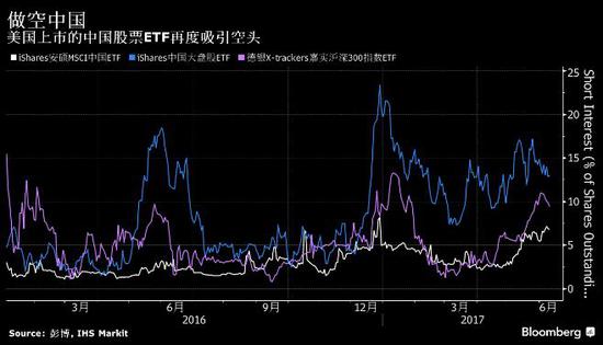 新浪美股 北京时间13日彭博报道,过去一个月的反弹推动中国多个股票指数攀上2015年触及的高点,然而美国的交易员们看空程度却进一步加大。以资产总额约61亿美元、跟踪中国股票的三家最大交易所交易基金(ETF)为例,它们的空单比例自3月触及低点以来就一直在持续攀升。
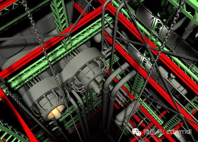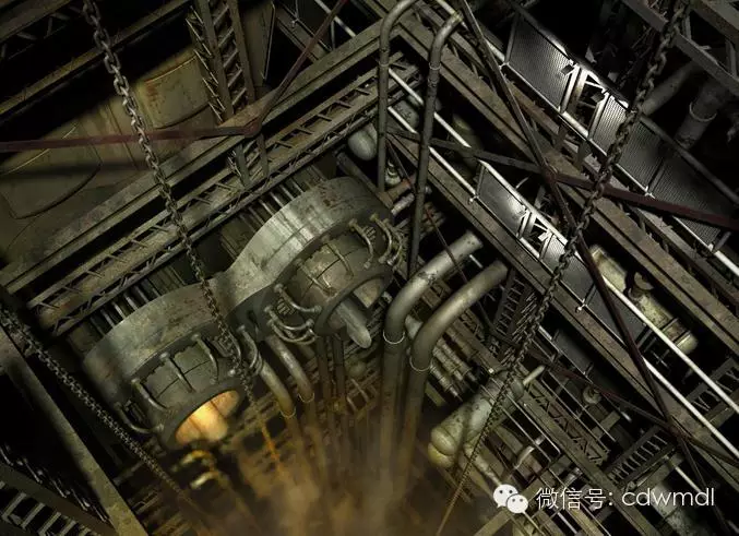 者使用同样的技术,制作场景中大部分几何形体的纹理(除了前面提到的管道和舱口,以及分布在矿井右侧的圆柱形水槽之外)。
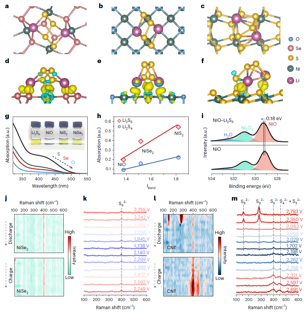 结合密度泛函理论计算、紫外可见吸收光谱与原位拉曼测试,研究人员验证了电子效应描述符的理论预测结果。IBand较低的TMC催化剂,对于多硫化锂具有更高的吸附能力。
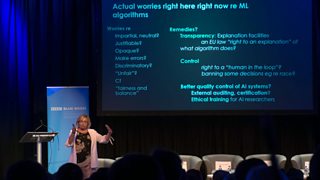 Visions of an emerging AI utopia were laid to rest by two other speakers. Lilian Edwards, professor of e-governance at the University of Strathclyde, talked about the need to understand the ‘inputs’ to AI systems in order to know whether their outputs are fair and unbiased. What data has a machine learning system been ‘trained’ on? Because systems can have a “historic bias embedded in them”.
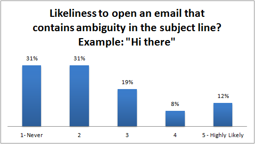 Ambiguity in the outreach email (example: "hi there") seems to be less favourable, with 62% of bloggers choosing 1 & 2 as their responses, with 1 meaning "never" and 5 meaning they were "highly likely" to open the emails.

Task statement:
All of the data is to be reproduced exactly, with the pictures left out.

Task solution:
 新浪美股 北京时间13日彭博报道,过去一个月的反弹推动中国多个股票指数攀上2015年触及的高点,然而美国的交易员们看空程度却进一步加大。以资产总额约61亿美元、跟踪中国股票的三家最大交易所交易基金(ETF)为例,它们的空单比例自3月触及低点以来就一直在持续攀升。
 者使用同样的技术,制作场景中大部分几何形体的纹理(除了前面提到的管道和舱口,以及分布在矿井右侧的圆柱形水槽之外)。
 结合密度泛函理论计算、紫外可见吸收光谱与原位拉曼测试,研究人员验证了电子效应描述符的理论预测结果。IBand较低的TMC催化剂,对于多硫化锂具有更高的吸附能力。
 Visions of an emerging AI utopia were laid to rest by two other speakers. Lilian Edwards, professor of e-governance at the University of Strathclyde, talked about the need to understand the ‘inputs’ to AI systems in order to know whether their outputs are fair and unbiased. What data has a machine learning system been ‘trained’ on? Because systems can have a “historic bias embedded in them”.
 Ambiguity in the outreach email (example: "hi there") seems to be less favourable, with 62% of bloggers choosing 1 & 2 as their responses, with 1 meaning "never" and 5 meaning they were "highly likely" to open the emails.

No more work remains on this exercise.